Wednesday, 14 September 2016

Microsoft Windows PDF Library Information Disclosure Vulnerability - CVE-2016-3374 (MS16-115)

submit to reddit Vote on Hacker News Share
In the last year, as a personal research project, I started to look more into browsers and decided to fuzz some high-level targets, such as Edge and IE11, together with Steven Seeley (@steventseeley).

I have to admit that it is quite hard nowadays to approach this kind of research, especially with limited time and resources (just few virtual machines running at home…), but nevertheless it became an incredible learning experience.

Given our constraints, the fuzzing focus was to target other things than common targeted components, such as DOM, JavaScript and so on, so we decided to go for the PDF file format.

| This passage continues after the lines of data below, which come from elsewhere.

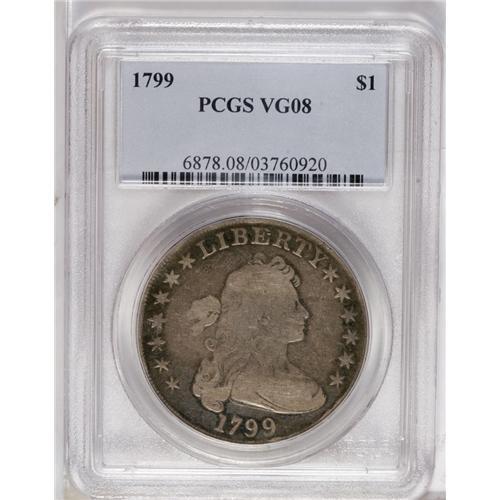 <B>1799<img border='0' src='http://www.heritagecoins.com/images/star.gif' width=10 height=10>$1> VG8 PCGS.</B></I> B-9, BB-166, R.1. Heavily worn but still legible, with gray-brown patina that darkens in a horizontal swath across the center. Pleasing for the grade.
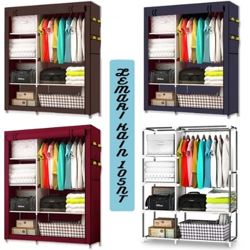 Lemari Kain Portable 2 Sisi + Gantungan Anti Debu Serbaguna lemari minimalis lemari anak kos
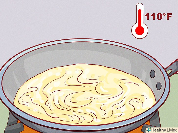Дайте милу охолонути протягом 12-24 годин. не ставте його в холодильник або морозильну камеру. [10] не варто цього робити, навіть якщо вам здається, що ця ідея не дуже погана. Гаряче мило змінить температуру всередині холодильника або морозильної камери і може надати їжі специфічний запах.- Щоб поверхня мила стала абсолютно гладкою, накрийте форму харчовою плівкою, перш ніж охолоджувати мило. Акуратно притисніть плівку до мила. [11]
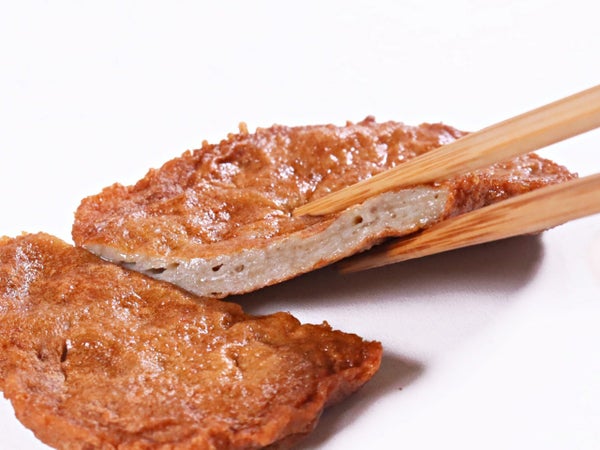 小魚を骨ごとすりつぶしたすり身を使った、愛媛県伊予名物のじゃこ天です。魚のうまみが濃いのが特徴です。
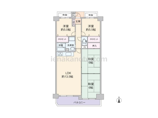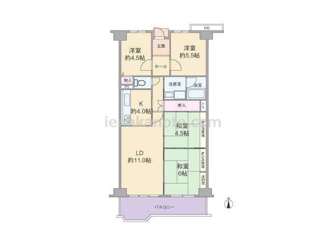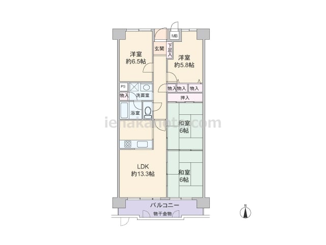 専有面積79.68平米の4LDK。キッチンはリビング・ダイニングから独立した配置で、生活感がリビング・ダイニングに伝わりにくいのが特徴です。和室2間とリビング・ダイニングは続き間になっており、襖を開放すればレイアウト変更が出来ます。和室に...

One of the interesting conditions that we found was the one that has just been patched by Microsoft and detailed in the MS16-115 security bulletin. The vulnerability is an out-of-bounds read which can lead to memory information disclosure.

The technical advisory can be found at Steven Seeley's web site: http://srcincite.io/advisories/src-2016-39/ .

References:

- Microsoft Security Bulletin MS16-115: https://technet.microsoft.com/library/security/MS16-115
- SRC-2016-39 : Microsoft Windows PDF Library PostScript Calculator Out-of-Bounds Read Information Disclosure Vulnerability: http://srcincite.io/advisories/src-2016-39/
- Microsoft Acknowledgments: https://technet.microsoft.com/library/security/mt674627.aspx

Friday, 20 May 2016

TrendMicro ScanMail for Microsoft Exchange (SMEX) predictable session token - CVE-2015-3326

submit to reddit Vote on Hacker News Share
It's time for another advisory (CVE-2015-3326), a simple one, for a vulnerability which can be found quickly and trivially. For those of you who just want to give a glance at the post, I suggest to directly watch the picture which says it all!

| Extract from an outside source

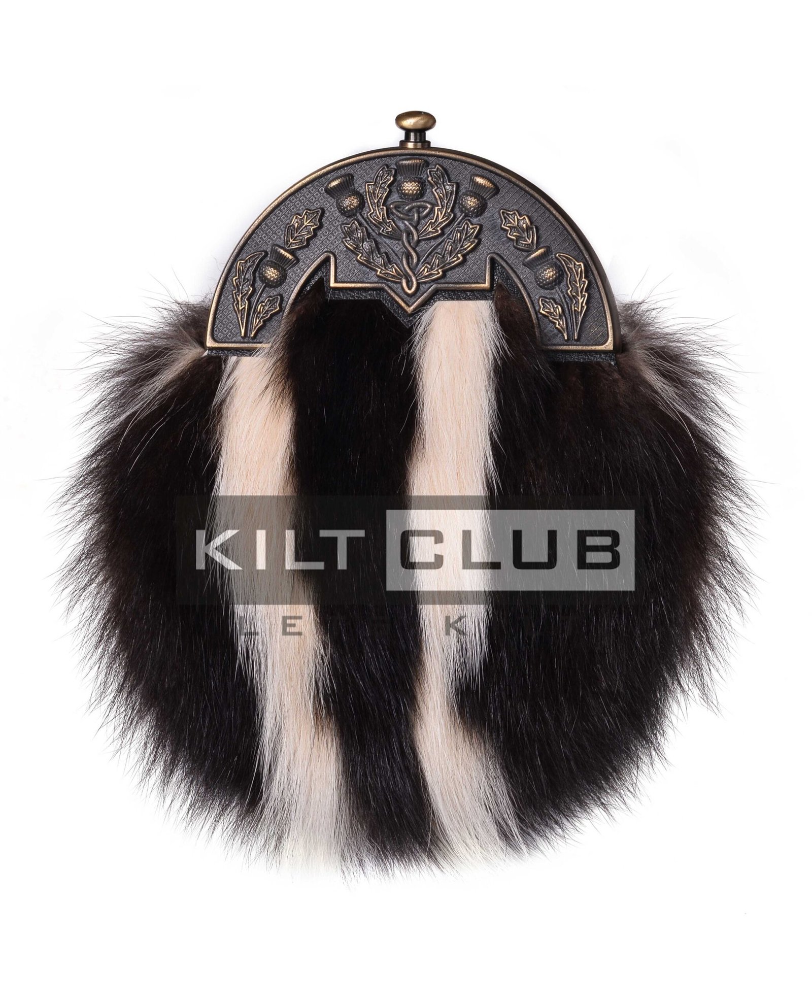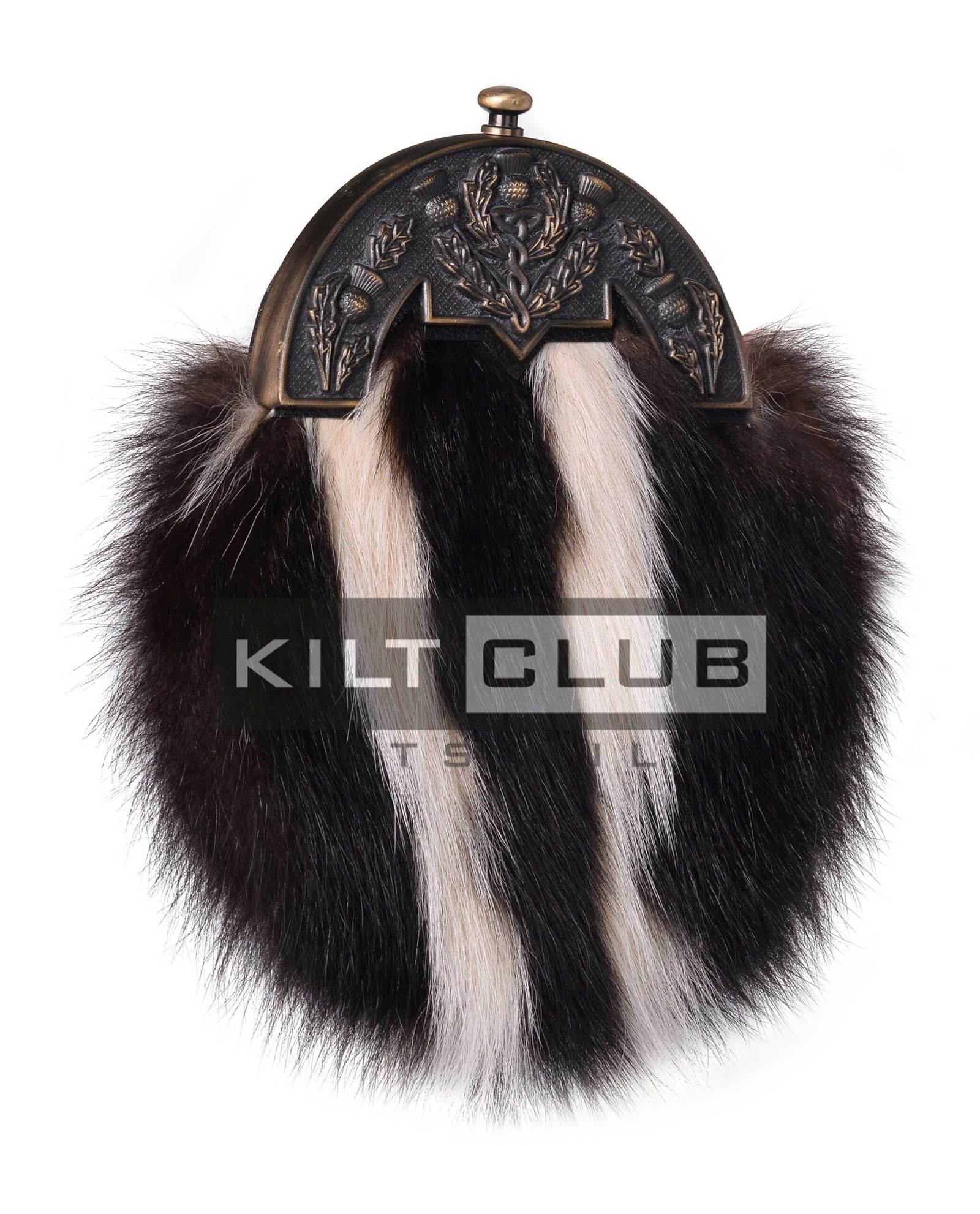 Crafted from high-quality skunk fur, the sporran stands out with its striking black-and-white pattern. The soft yet durable texture of the fur complements the brass thistle emblem on the flap. This emblem symbolizes strength and Scottish pride, making the sporran a meaningful addition to your attire.

The following vulnerability was discovered on TrendMicro SMEX (ScanMail for Microsoft Exchange) 10 SP2 but it affects other versions as well.

While surfing the SMEX web administrative interface using a web proxy, I have noticed something in the HTTP request - the session token itself and its format, a number.

After observing a significant number of logins, the session token was always represented with an number composed of minimum 4 digits and maximum 5 digits, as shown in the screen shot below:

 

Although the observed session tokens were never generated sequentially, the lack of a cryptographically strong PRNG for the session identifier, allows a malicious user to trivially guess the token. This attack can be easily automated.

For example, in Burp proxy, the cool feature of Intruder combined with a "number" payload and even a single thread would suffice to guess a valid session token in a reasonable time.

By targeting a "protected" page of SMEX administrative interface as a baseline request for Intruder and by examining the HTTP response, it is possible to infer whether the session token is valid or not.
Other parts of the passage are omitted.